Study on the Effects of Single Nucleotide Polymorphisms in Aquaporin-4 (AQP4) Gene on the Clinical Phenotype in Patients With Idiopathic and Familial Parkinson's Disease.

The purpose of this study is to understand the relationship between problems in sleep, genetic variations in the Aquaporin-4 gene (AQP4), and the development of Parkinson's Disease.

Study Overview

Status

Recruiting

Conditions

Intervention / Treatment

Detailed Description

Parkinson's Disease (PD) is a progressive neurodegenerative disease characterized by the abnormal deposition in the brain of aggregates called Lewy Bodies, packed with a protein called α-synuclein. The mechanisms why this protein accumulates in the brain of patients with PD, as well as its relationship with clinical symptoms, is unknown.

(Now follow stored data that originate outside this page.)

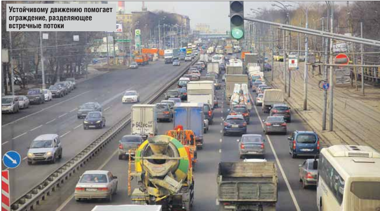
Устойчивому движению помогает ограждение, разделяющее встречные потоки

Сворачивая с ТТК на шоссе Энтузиастов в сторону области в самое пробочное время — в половине седьмого вечера. Вялотекущая пробка начинается почти сразу после развязки с ТТК. Впрочем, по субъективным ощущениям до реконструкции было ещё хуже. Во всяком случае, до метро «Авиамоторная» удаётся добраться за несколько минут. После загруженного перекрёстка у метро поток на короткое время ускоряется, но метров через двести — снова пробка. Тянется она около километра: возле дома 38 большая огороженная стройплощадка, из-за которой дорога сужена до двух с половиной рядов. Что строят? Табличек нет, но за ограждением угадываются очертания спуска в будущий подземный переход. На
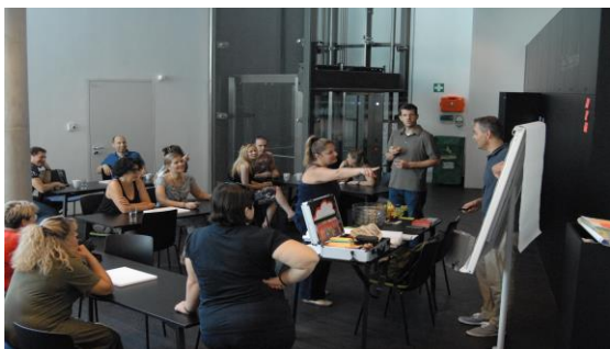
Seminário de formação de professores

Agora, mais do que nunca, estou preparada para mudar do ensino tradicional para uma abordagem do ensino baseada em projetos, ajudando os meus alunos a desenvolver a sua criatividade, a capacidade de gerar ideias e transformá-las em ação, aprender a trabalhar em equipa, ter iniciativa e aceitar responsabilidades. Tal como disse Albert Einstein: “ Se sempre fizeres o que sempre fizeste, terás sempre o que sempre tiveste ”.”
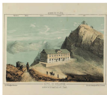
Hôtel Bellevue entre le Kriesloch et l'Esél, in: Album du Pilâte: collection de 10 vues du Pilâte et de ses environs accompagnée d'un panorama , dess. d'après nature et lith. par Xaver Schwegler, Lucerne: Schwegler & fils, vers 1865.

Parmi les autres plateformes qui sont alimentées par la BN, il convient de mentionner www.presse-suissearchives.ch 23 pour les journaux et retro.seals.ch 24 pour les revues. La première s'est récemment enrichie de journaux du canton de Saint-Gall, dont huit titres du XIX e siècle sont désormais disponibles, et du canton de Neuchâtel, avec La Sentinelle (1890–1971). Le nombre d'accès aux journaux numérisés par la BN a plus que quintuplé par rapport à l'année précédente (15 114 en 2013; 83 549 en 2014) 25 .
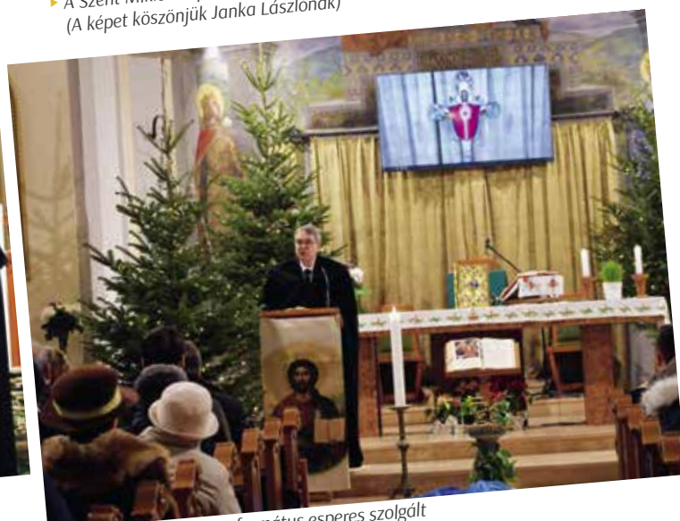
► ... ahol Nyilas Zoltán református esperes szolgált
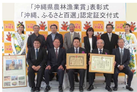
「沖縄県農林漁業賞」表彰式 「沖縄、ふるさと百選」認定証交付式 勝連南風原区
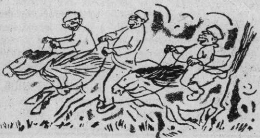
В. АГЕЕВ. На работу и с работы.
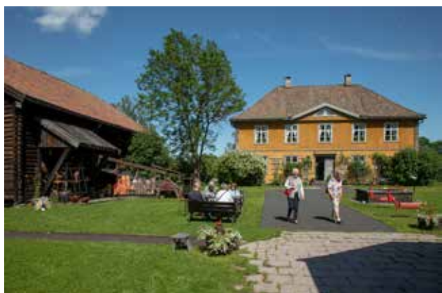
Direktørboligen på Nyfossum med hage og to kunstutstillinger
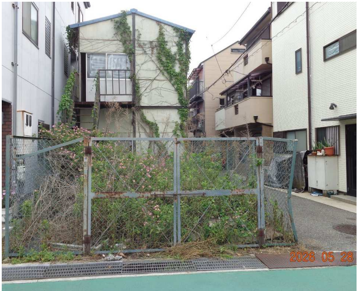
対象地側面（南）より撮影
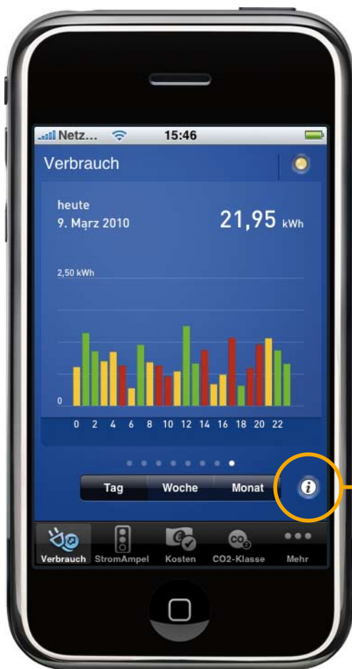
Abbildung 1: Das Informationssymbol auf dem Display

Falls Sie Fragen zu einer bestimmten Funktion im MeRegio iCockpit haben, steht Ihnen in jeder Ansicht ein Hilfetext zur Verfügung. Tippen Sie dazu einfach auf das Informationssymbol, das im Display zu sehen ist. Daraufhin erscheint ein Overlay-Fenster mit einer Erklärung zur jeweiligen Funktion.

Recently, an internal mechanism of drainage of waste proteins called glymphatic system has been identified and characterized. This system is silent during wakefulness and works during sleep. When it is active, a virtual space between the blood capillaries and cells of the brain called astrocytes opens and lets out waste products from the brain. This process is mediated by a protein of the astrocytes called Aquaporin-4 (AQP4). Preclinical studies have shown that the function of this system could be critical for the clearance of β-amyloid, a protein linked with the development of Alzheimer's Disease. Studies in humans have shown that genetic variations some parts of the AQP4 gene, defined as single nucleotide polymorphisms, may increase the likelihood to develop an aggressive form of Alzheimer's Disease. However, no studies in humans have ever been performed in Parkinson's disease and α-synuclein.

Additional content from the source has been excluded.